Kennington Sat 21-Jan-17 07:34:27

Your boss sounds a nightmare: if you are not called a manager then you aren't one.
Ask for the job title or leave. Can you go to HR?
Your colleagues sound terrible.

illegitimateMortificadospawn Sat 21-Jan-17 07:40:03

It does sound like an unclear & rather dysfunctional set up. I'd be looking for a new job, as it sounds like you have an unsupportive manager and are being taken advantage if.

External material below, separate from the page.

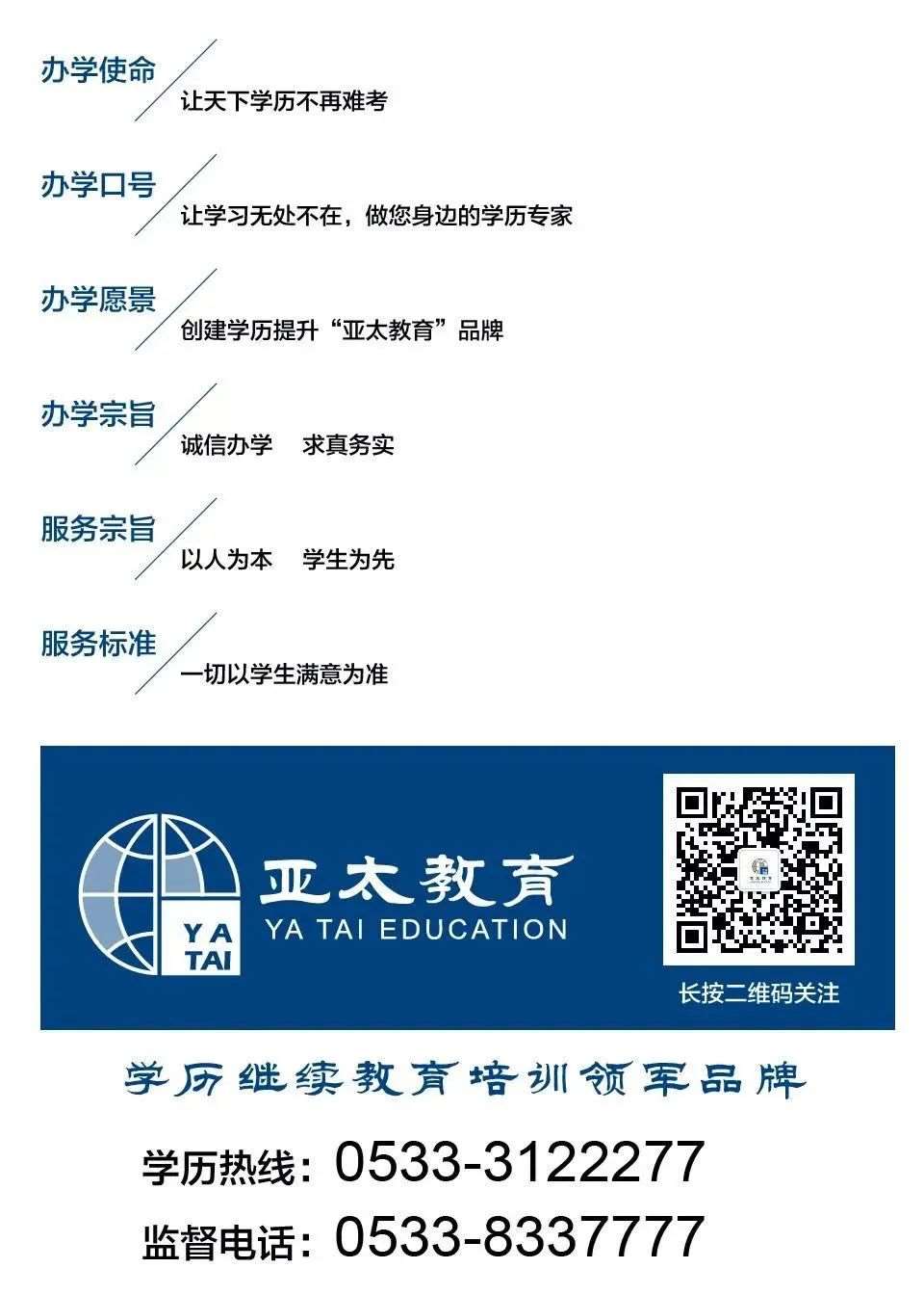 而淄博亚太教育,始终是你身后*靠谱的同行者。这些年,我们只专注一件事:为淄博本地在职人群,提供省心、靠谱、适配职场需求的学历提升解决方案。我们懂淄博本地的职场规则与学历需求,懂在职人时间紧、基础弱、怕麻烦的痛点,打磨出全流程陪伴式的教学服务,不用脱产、不耽误工作与家庭,从专业选校规划、考点精讲带学,到报考跟进、备考伴学,全程兜底,帮你把 “想提升” 的念头,变成 “拿得到” 的文凭,把学历短板,变成职场进阶的加分项。

illegitimateMortificadospawn Sat 21-Jan-17 07:40:13

Of

Everyoneafter3 Sat 21-Jan-17 10:52:27

I have a supportive HoD but my actual line manager is horrendous. We're getting a new overall head of service and we'll all be having meetings with them and I plan to bring it up then.

I'm certain a man wouldn't have been told the same, you're right.

Everyoneafter3 Sat 21-Jan-17 10:53:49

Definitely looking for a new job. Not much locally atm (relocation not an option or something I want - we like it here!). It's a niche role.